The surging demand for payment cards is not without its problems as they have become a target for many different types of misuse or even fraud.
P-cards are subject to the same types of fraud as general consumer plastic cards—e.g. from ‘card not present’ fraud transactions using stolen card information, counterfeit cards, identify theft, etc.

According to figures published by Financial Fraud Action UK, total fraud losses on UK cards fell to £341 million in 2011, a 7 per cent reduction compared to 2010 figures, thanks to online protection initiatives and on-going improvements to chip and pin technologies and roll-out. In the US, where chip and pin is not yet widely implemented, plastic card fraud continues to grow. US losses to fraud in 2010 topped $3.56b.

Card misuse, on the other hand, is often more problematic. Typical methods of payment card misuse include:

  • P-cards allowing the same person to order, pay for and receive goods or services, providing an opportunity to bypass standard purchase-to-payment cycle controls
  • Multiple payments to the same supplier
  • Circumvention of internal controls by splitting purchases or sharing cards to bypass purchase limits
  • Unauthorised person using the card or cardholder data.

Within a payment card programme, stringent controls must be in place to ensure charges are reasonable, properly recorded and made by a valid cardholder to an approved supplier. It is also essential that clear rules and policies are communicated to employees regarding proper card usage, spending limits and guidelines and the cardholder’s overall responsibility.
P-cards represent a highly effective way to reduce payment processing costs and increase visibility of purchasing transactions. But to mitigate business risk and implement p-cards successfully, management needs to formulate clear strategies and ensure that comprehensive, enforceable controls exist to ring-fence their use.

The Outlook for P-Cards in the Commercial Sector

According to Duncan Kennett in his article published in GTNews in December 2012, other obstacles to p-card use include the existence of effective domestic payment systems in Europe, which mean that the advantages of p-card systems may not be as compelling as they are elsewhere, as well as increased card transaction costs in Europe, the lack of real access to VAT data and apprehension over internal purchase controls.
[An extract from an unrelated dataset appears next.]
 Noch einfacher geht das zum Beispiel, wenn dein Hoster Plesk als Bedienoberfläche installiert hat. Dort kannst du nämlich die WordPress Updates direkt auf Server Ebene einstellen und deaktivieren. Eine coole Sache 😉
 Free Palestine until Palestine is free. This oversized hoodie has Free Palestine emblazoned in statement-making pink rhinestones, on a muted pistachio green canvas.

He points to the use of new virtual credit cards, or single-use accounts, in the near future which should remove many of these obstacles and result in vastly increased uptake throughout Europe.
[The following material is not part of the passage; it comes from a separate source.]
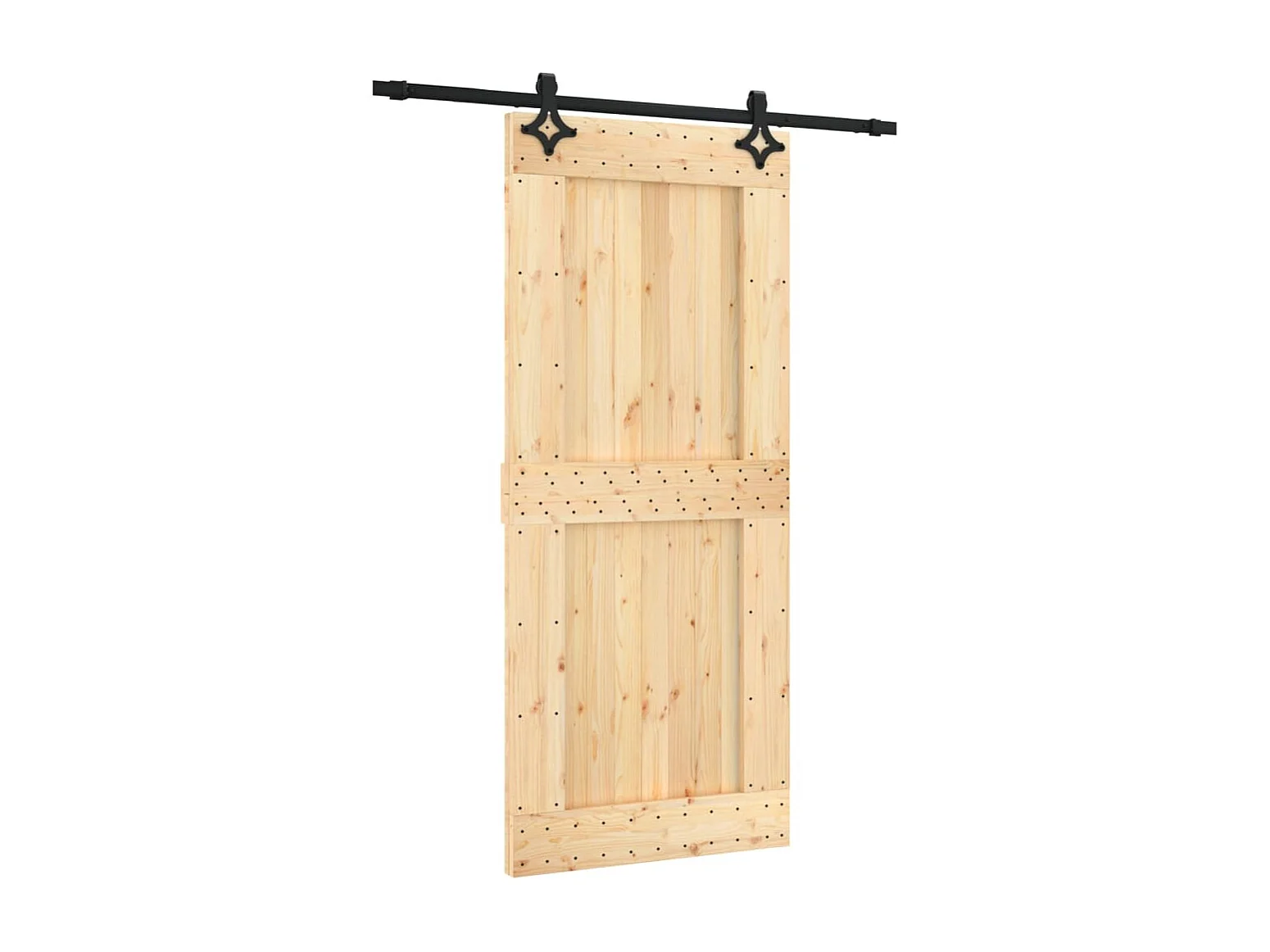 Porta de correr com ferragens 90x210 cm madeira de pinho maciça PT387583

Card providers and what you need to look out for

P-card / business charge cards are offered by most business banks and companies such as VISA, MasterCard, American Express and Diners Club. It’s worth examining the different deals available, considering a number of key points:

  1. Is there an annual fee? If so, how much is it and do you have to pay it for each cardholder?
  2. Can you give individual cards to designated employees?
  3. What are the minimum and maximum spending limits?
  4. What are the penalties for late payment of your bill?
  5. Is there automated approval and/or reconciliation software available?
  6. Are there any added perks or benefits - such as rebates, air miles or hotel discounts - that would be useful to your business?